The deal marks a “new financing model . . . where we can pay over time, instead of buying them up front”, he added. “The chips and the systems are a humungous [percentage] of the cost and its hard to pay that upfront.”
With more than 700mn people using ChatGPT every week, OpenAI executives have said privately for months that they are already starved of the compute capacity they need to deliver such a complex product on a massive scale.
Altman is betting that “innovation is increasingly gated by access to infrastructure rather than ideas”, said Dimitri Zabelin, AI analyst at PitchBook, which tracks venture capital deals.
Huang’s move to ensure Nvidia is OpenAI’s “preferred strategic compute and networking partner”, as Monday’s announcement put it, will make it harder for AI developers to move away to rival processors.
Nvidia’s Cuda software platform, which has become the default way to write the AI software that runs on its chips, adds to the company’s grip on the industry.
The deal comes at a time when many of the chipmaker’s biggest customers — including Google, Meta, Amazon and Microsoft — are racing to develop their own custom processors as an alternative to Nvidia.

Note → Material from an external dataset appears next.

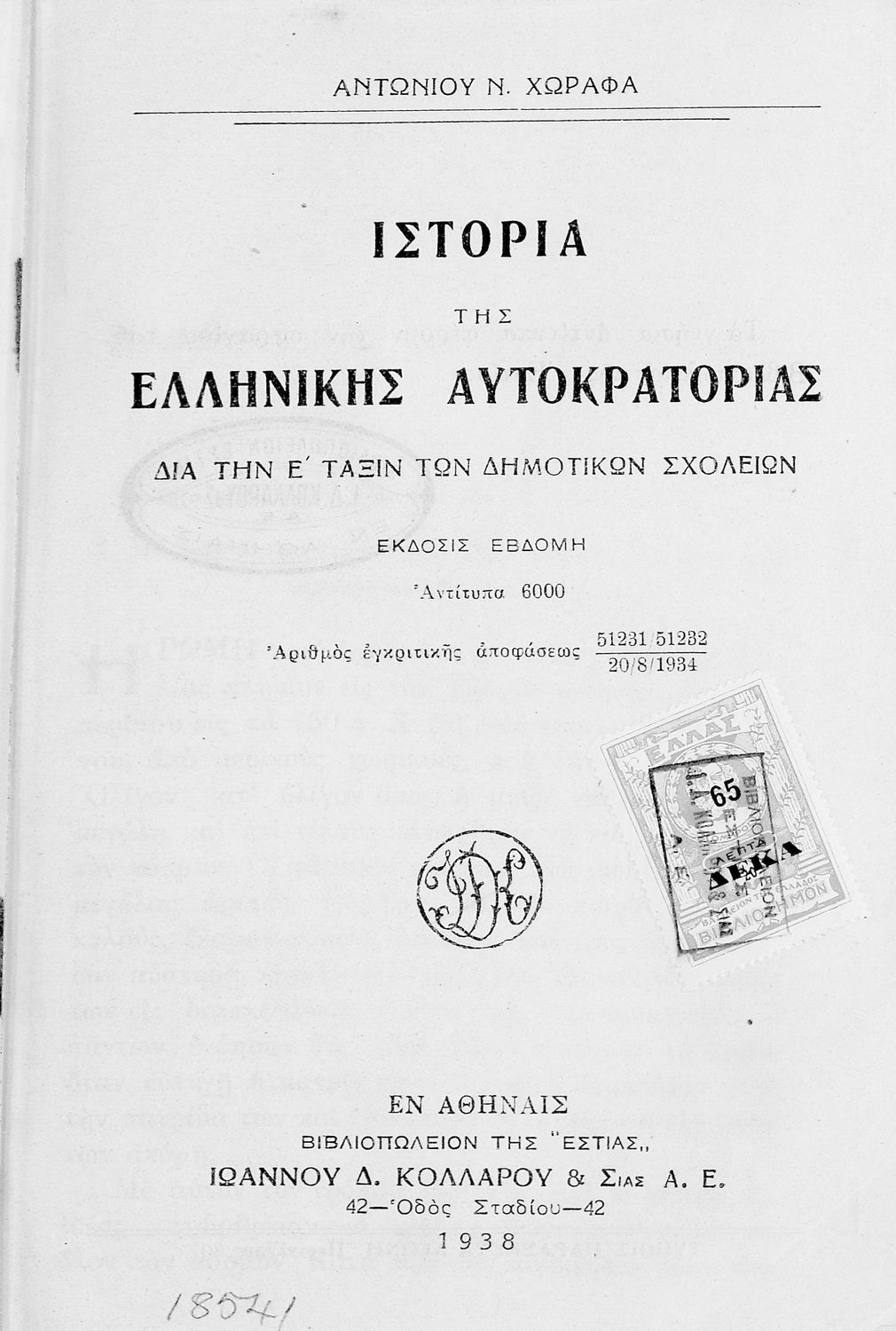 Τίτλος: Ιστορία της Ελληνικής Αυτοκρατορίας. Δια την Ε΄ τάξιν των Δημοτικών σχολείων

Cusumano likens Nvidia’s use of Cuda to extend its dominance to the way Microsoft and Apple gave away the tools needed to build apps for their Windows and iOS operating systems, allowing their platforms to dominate the personal computer and smartphone eras.

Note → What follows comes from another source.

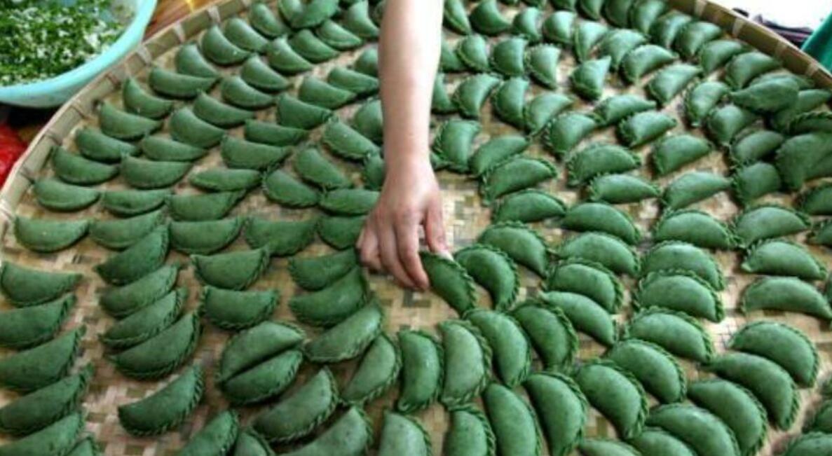 资料图:排列整齐的“清明饺”制作完成。 吴建平 摄

“The difference with Nvidia is it’s like combining Microsoft and Intel at their peak into one company,” he said. “It’s like a drug — software developers will use Nvidia’s tools and they have to use [Nvidia’s] hardware.”
Huang has continued a strategy that can be traced back directly to that first supercomputer delivery to a fledgling AI lab in 2016.
By keeping AI developers hooked on its product, Huang’s investment into OpenAI — as well as dozens of other start-ups involved in AI applications, cloud computing, robotics and healthcare — “will pay off multifold in the future for Nvidia”, Cusumano added.